The President of the Open Dialogue Foundation, Lyudmyla Kozlovska, posted on her Facebook page new information about the former Prosecutor General of Ukraine from the times of Yanukovych, Victor Pshonka. It turns out that Pshonka, who has been in hiding for nearly a year now – suspected of many offences, including numerous abuses during the Maidan protests – has been receiving a special pension until now.
A response to the information was also provided by the deputy to Ukraine’s Verkhhovna Rada Jehor Sobolev (currently Chairman of the Parliamentary Committee on Preventing and Combating Corruption, and one of the initiators of the lustration in Ukraine), who made a parliamentary inquiry with the Ukrainian Pension Fund and Ukraine’s Prosecutor’s General Office to request details of the procedure which was followed in respect to Pshonka’s pension and the extent, type and legal grounds for his retirement benefit.
In accordance with Ukrainian legislation, the special pension is denied, amongst other things, in the case of a dismissal from work on disciplinary grounds.
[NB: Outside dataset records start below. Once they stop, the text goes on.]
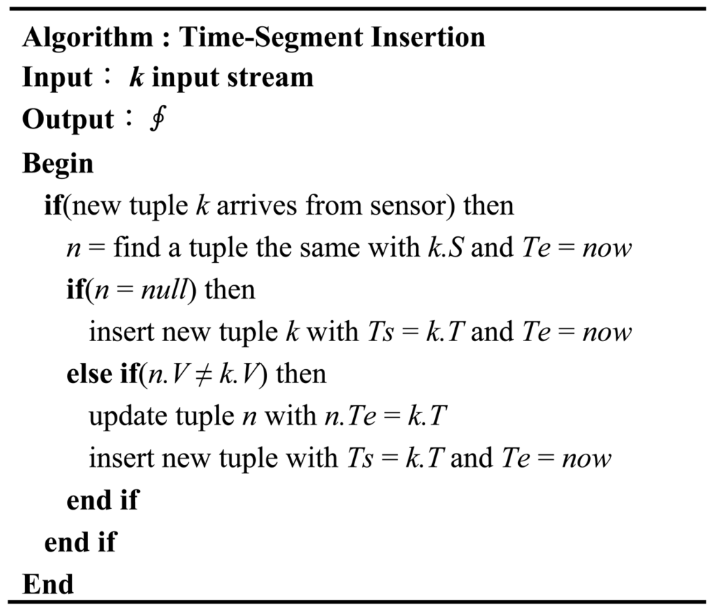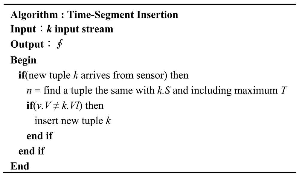 The TSI algorithm, shown in Figure 2, only stores those items whose measured values are found to have changed after comparing the incoming stream with that stored in memory. If the data stream has the same values as before, we discard the data without storing it in memory. The disadvantage of the TSI method is that it incurs additional overhead due to the update operation. The reason is that TSI has to update the lifetime of the tuple in memory with the time interval when the values are different from the previously stored values. On the other hand, if the sensor frequently transmits the same values for some timestamps, the operation to store the new values is not required. Therefore, the overhead caused by the update operation may be reduced. Moreover, the TSI method has the advantage that it can keep the values of the data without any loss of data and store the data stream in memory as much as possible.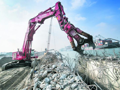Van Leeuwen Katwijk Sloopwerken heeft een standaard Hitachi-sloopmachine omgebouwd tot 'rode duivel' met drie masten, een schaar van 18 ton en een tot 8 bij 8 meter verlengd en verbreed rijwerk.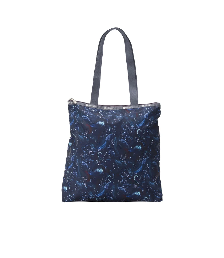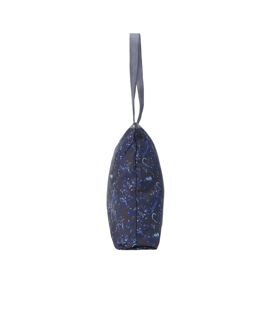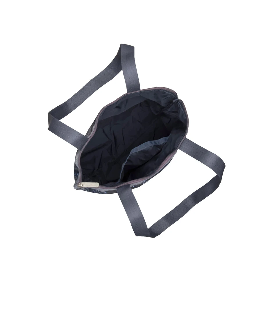 Zipped main closure, 1in (2.5cm) wide top handles (Length: 24.6 in/62.5 cm), Interior back wall combination zip/open pocket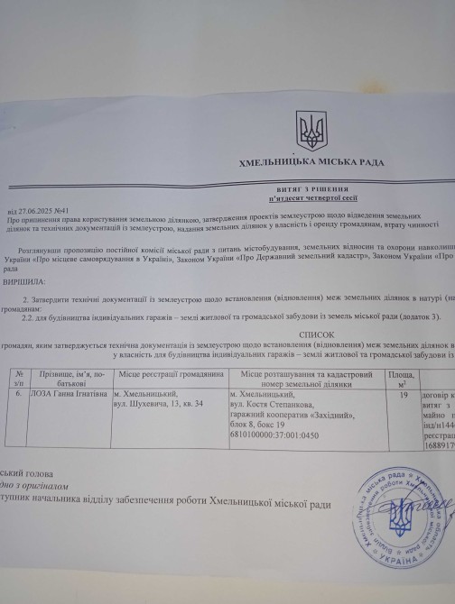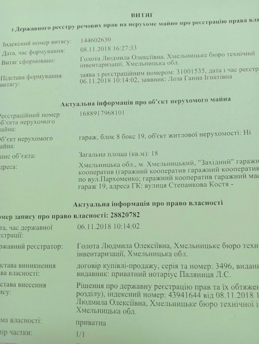 Всі документи на гараж в повному порядку:вся документація оновлена,присвоєний кадастровий номер,приватизований гараж і земля під гаражем(є акт відторгнення землі і оформлено присвоєння власнику(фото документів додається)).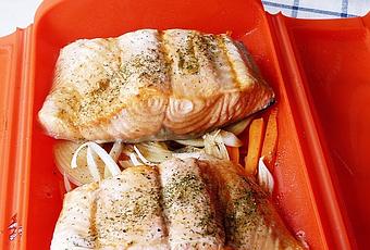 Pelar y cortar la verdura en bastones, colocarlas en el fondo del estuche, salpimentar. Colocar por encima los lomos de salmón (podéis utilizar sin problemas rodajas).

In fact, being Yanukovych’s right hand man, Pshonka subordinated the whole of the prosecutor’s office to the authoritarian regime. And in that connection, we ask: is a pension paid to those who commit a regular breach of the rules? Instead of doing away with the overthrown regime, the new Ukrainian authorities seem to be showing him favour. Recently, the former head of a faction in the Party of the Regions, Yefremov, has recently been released, and the cases opened against three employees of the Berkhut (one of whom has escaped) have been protracted and extended.
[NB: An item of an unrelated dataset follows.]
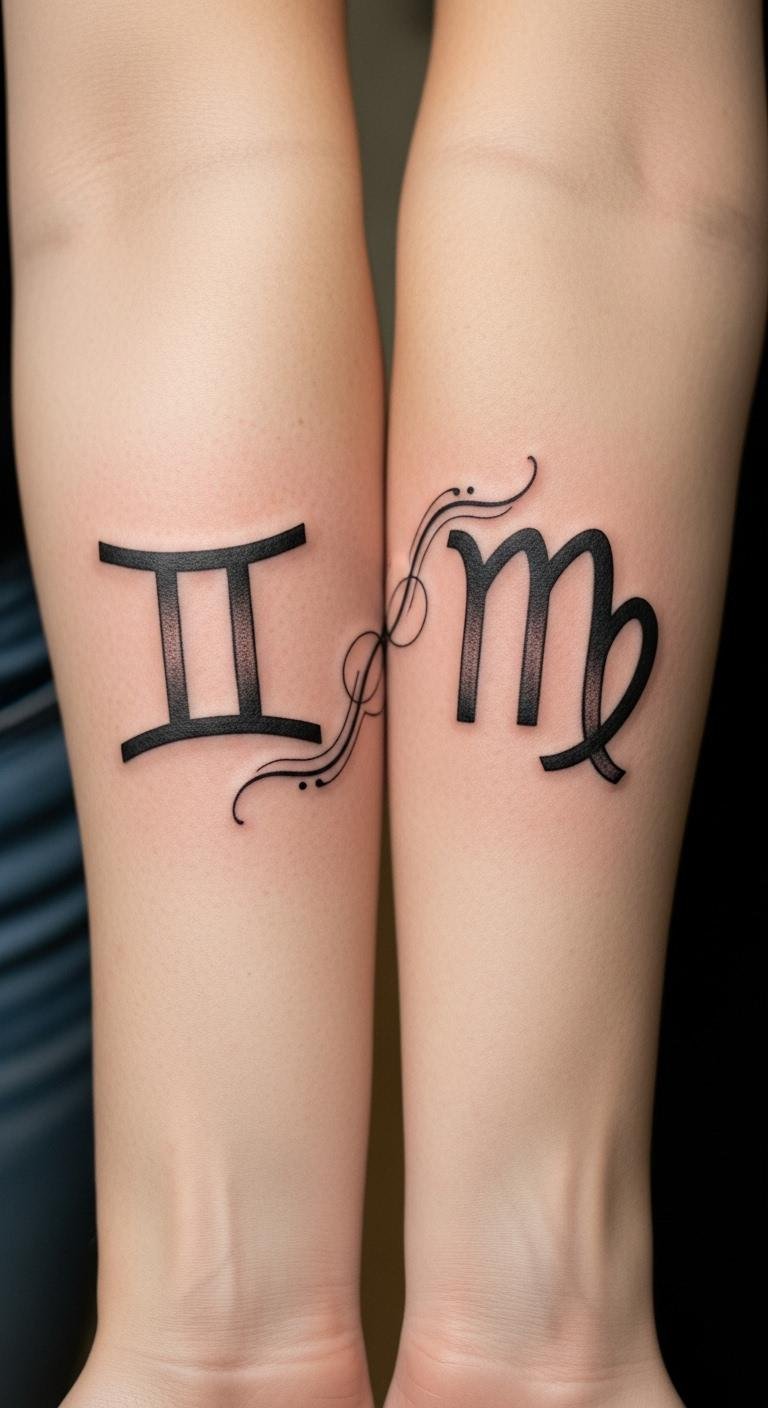 Pair Gemini with Virgo for bonds. It’s about connections. This tattoo shows compatibility. Put it on your arm. Budget tip: Get both in one session for savings. $80 total. DIY example: Sketch the two symbols together. Link them simply. Draw on paper. Discuss with an artist. This design celebrates relationships. It’s meaningful and fun.

Shokin, the new Prosecutor General – considered to be Poroshenko’s man – has a lot to do. He started his term of office vigorously, thus supressing the wave of criticism against his nomination. However, firm, systematic action is needed – only by such means can Shokin prove which side he is on. His responsibilities also include holding his predecessors accountable.
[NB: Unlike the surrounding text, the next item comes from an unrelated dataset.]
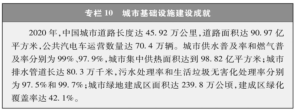 城镇化水平持续提高。城镇化是现代化的必由之路,是实现全面小康的幸福之路。新中国成立前,中国大地上城镇寥若晨星、衰败破落;今天的中国,城镇繁星璀璨、繁华时尚。中国经历了世界近现代史上规模最大、速度最快的城镇化进程,从1949年至2020年,常住人口城镇化率由10.6%提高到63.9%,城市数量由132个增长到687个,建制镇数量由2000个增长到2.1万多个。现代化国际化的大都市、厚重雍容的历史古都、典雅精致的文化名城、类型迥异的特色小镇,星罗棋布,城城不同,风景各异。城镇化的加快推进,形成了面积庞大、人口众多、联系紧密的城市群,成为经济发展和现代化建设的重要载体,提升了城市运行效率和居民生活质量。中国基本形成以城市群为主体、都市圈为依托,大中小城市和小城镇协调发展的城镇体系。

Let us recall an issue which remained unsettled for a long time in Poland related to the exceptionally high retirement pensions of former Security Service employees which were in stark contrast to the low pensions of the members of the former anti-Communist opposition. This would appear to be very similar to the situation regarding the pensions of former officials of the Ukrainian regime and the problems faced by the families of soldiers who perished in the ATO zone in getting their allowances.